The above command creates a directory called 'data' on the distributed file system. Next, we will place our input file in that directory.

$HADOOP_HOME/bin/hdfs dfs -put /mnt/cs181/pageRank/web-Stanford_M.txt data/ $HADOOP_HOME/bin/hdfs dfs -put /mnt/cs181/pageRank/web-Stanford_V.txt data/

The above command copies the files from our local directory to the distributed file system directory, so that our Map Reduce job can access the input data. Now, we can run our job.

The format of the command is "/usr/local/hadoop/bin/hadoop jar ".

The jar file (Java Archive used to package multiple Java files) is found under the pageRank/target directory.

$HADOOP_HOME/bin/hadoop jar /mnt/cs181/pageRank/target/pageRank-0.0.1-SNAPSHOT.jar cs181.PageRank 1 data/web-Stanford_M.txt data/web-Stanford_V.txt

So the above command should start our Map Reduce job. It might take a while for the job to complete fully, so wait a 2-3 minutes. Note, when we ran the job we had to specify the path to our jar file, the name of the main class we want to run, and the input and output directories.

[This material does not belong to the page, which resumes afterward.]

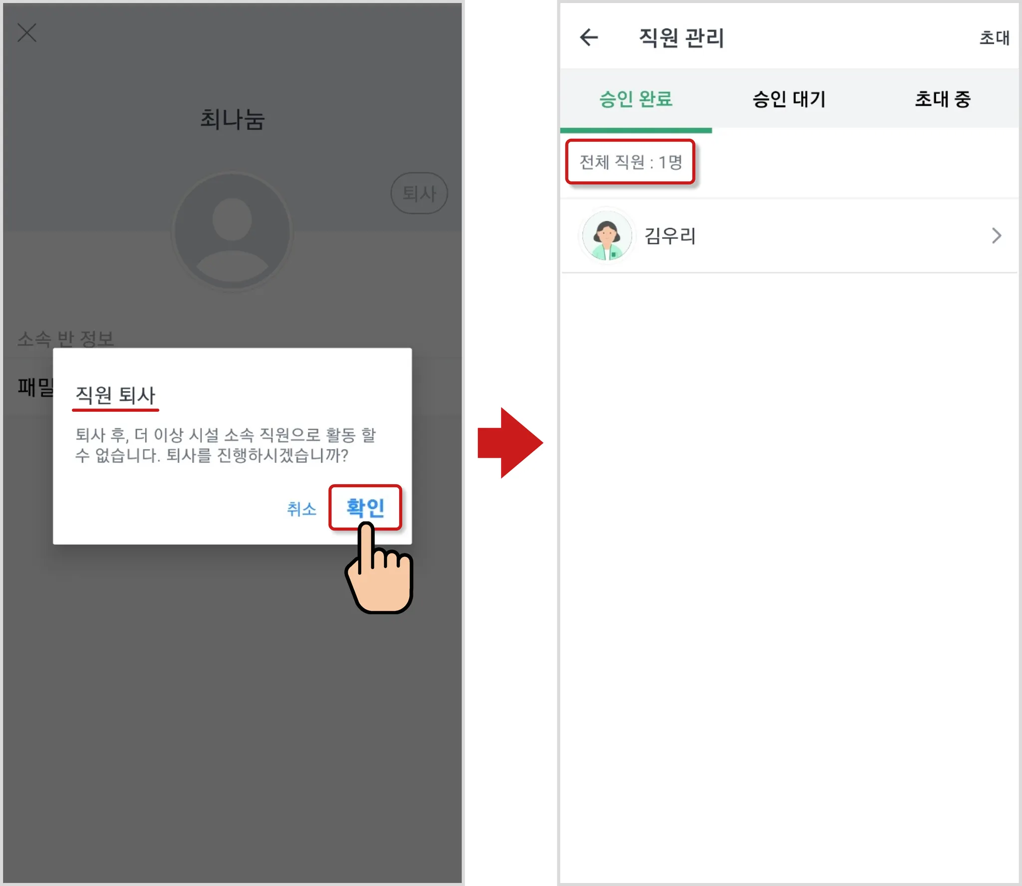 [직원 퇴사] [확인]버튼을 누르면 퇴사 처리가 됩니다. -승인 완료 페이지에서 퇴사한 직원의 이름이 사라진 것을 확인할 수 있어요!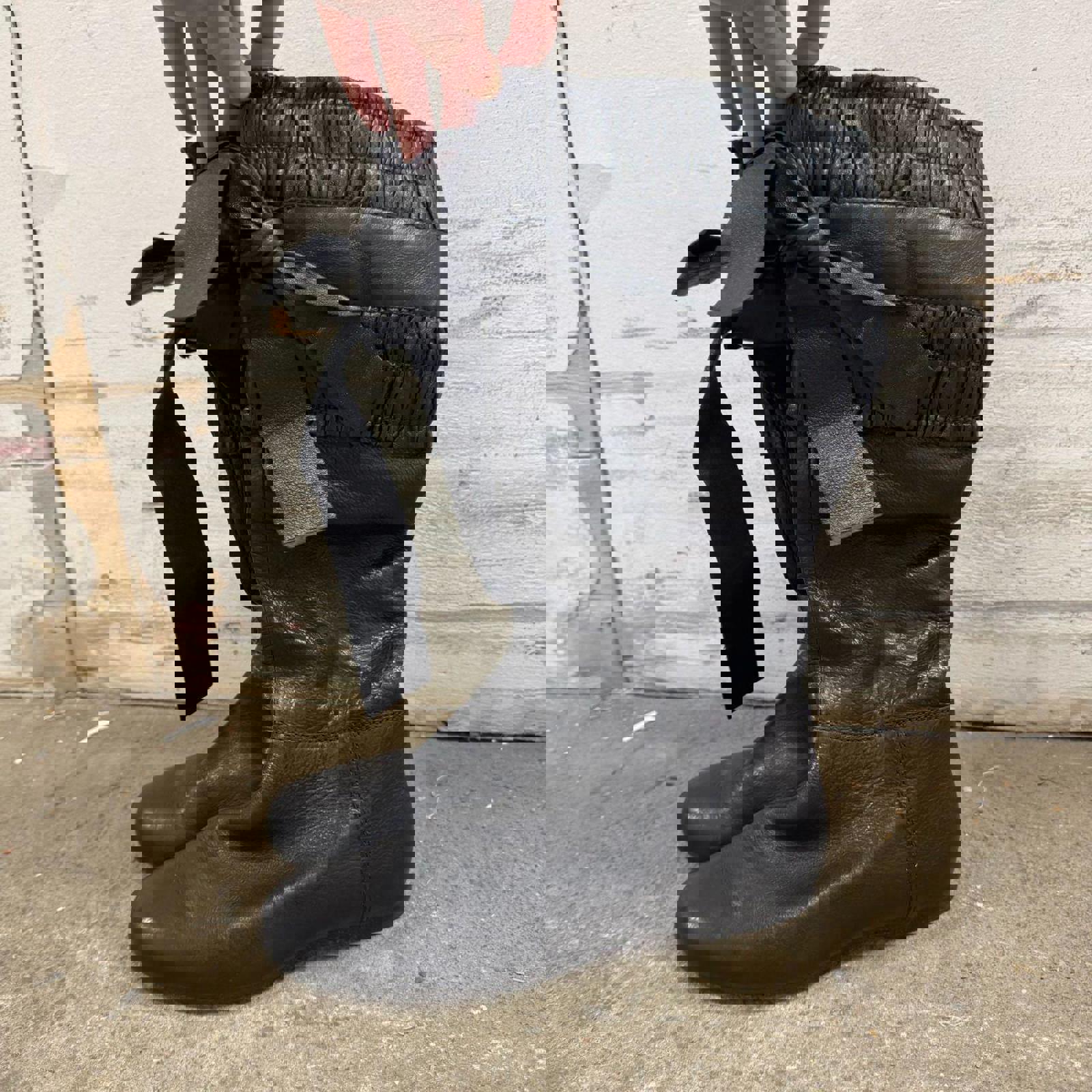 Tags: miu miu vintage boots archival miu miu black leather boots 90s designer footwear y2k luxury boots vero cuoio italy designer tall boots flat boots coquette aesthetic balletcore subversive basic size 36.5 leather bow boots

The output will be stored in the file "data/web-Stanford_V.txt". To see the output, use the following command

$HADOOP_HOME/bin/hdfs dfs -text data/web-Stanford_V.txt/*

Note, in the main class PageRank, we are over-writing this file (web-Stanford_V.txt) at the end of each iteration. If your job runs successfully with numIterations = 1, then go ahead an re-run the job setting the number of iterations to 2 or 3. We will not set-it to a large value,because it will take sometime for the job to complete on our limited workstation/laptop. So, as long as your code runs successfully for two iterations, then you should be set.

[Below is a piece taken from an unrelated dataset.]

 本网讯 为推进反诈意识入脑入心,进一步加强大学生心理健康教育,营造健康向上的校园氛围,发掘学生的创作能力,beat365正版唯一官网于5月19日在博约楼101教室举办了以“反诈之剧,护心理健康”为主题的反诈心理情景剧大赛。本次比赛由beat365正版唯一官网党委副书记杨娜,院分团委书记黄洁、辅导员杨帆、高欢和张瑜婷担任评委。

For 5 extra points, update the code to account for dead-ends and spider-traps in the directed graph. Use the taxation method we discussed in class.

Submission

Submit all your code and the job output as a ZIP file via Sakai. Note, if the ZIP file contains the JAR file for the job, it might be too large to upload to SAKAI, so be sure to exclude the JAR file from the submission. If you decide to use Github, you still must add a submission via SAKAI and include your Github repository link.

Recommend Projects

  • React photo React

    A declarative, efficient, and flexible JavaScript library for building user interfaces.

  • Vue.js photo Vue.js

    ๐Ÿ–– Vue.js is a progressive, incrementally-adoptable JavaScript framework for building UI on the web.

  • Typescript photo Typescript

    TypeScript is a superset of JavaScript that compiles to clean JavaScript output.

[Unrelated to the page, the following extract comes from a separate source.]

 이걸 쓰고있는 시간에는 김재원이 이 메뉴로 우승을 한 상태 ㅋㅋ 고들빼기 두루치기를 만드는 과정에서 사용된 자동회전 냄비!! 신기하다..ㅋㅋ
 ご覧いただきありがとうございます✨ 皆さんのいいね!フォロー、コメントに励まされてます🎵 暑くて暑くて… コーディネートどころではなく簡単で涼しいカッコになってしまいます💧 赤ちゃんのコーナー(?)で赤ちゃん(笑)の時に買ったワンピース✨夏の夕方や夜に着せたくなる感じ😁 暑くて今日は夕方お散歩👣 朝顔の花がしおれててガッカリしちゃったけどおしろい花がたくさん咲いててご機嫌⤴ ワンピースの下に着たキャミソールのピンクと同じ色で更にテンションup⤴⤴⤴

  • TensorFlow photo TensorFlow

    An Open Source Machine Learning Framework for Everyone

  • Django photo Django

    The Web framework for perfectionists with deadlines.

  • D3 photo D3

    Bring data to life with SVG, Canvas and HTML. ๐Ÿ“Š๐Ÿ“ˆ๐ŸŽ‰

Recommend Topics

  • javascript

    JavaScript (JS) is a lightweight interpreted programming language with first-class functions.

  • web

    Some thing interesting about web. New door for the world.

  • server

    A server is a program made to process requests and deliver data to clients.

  • Machine learning

    Machine learning is a way of modeling and interpreting data that allows a piece of software to respond intelligently.

  • Game

    Some thing interesting about game, make everyone happy.

Recommend Org

  • Facebook photo Facebook

    We are working to build community through open source technology. NB: members must have two-factor auth.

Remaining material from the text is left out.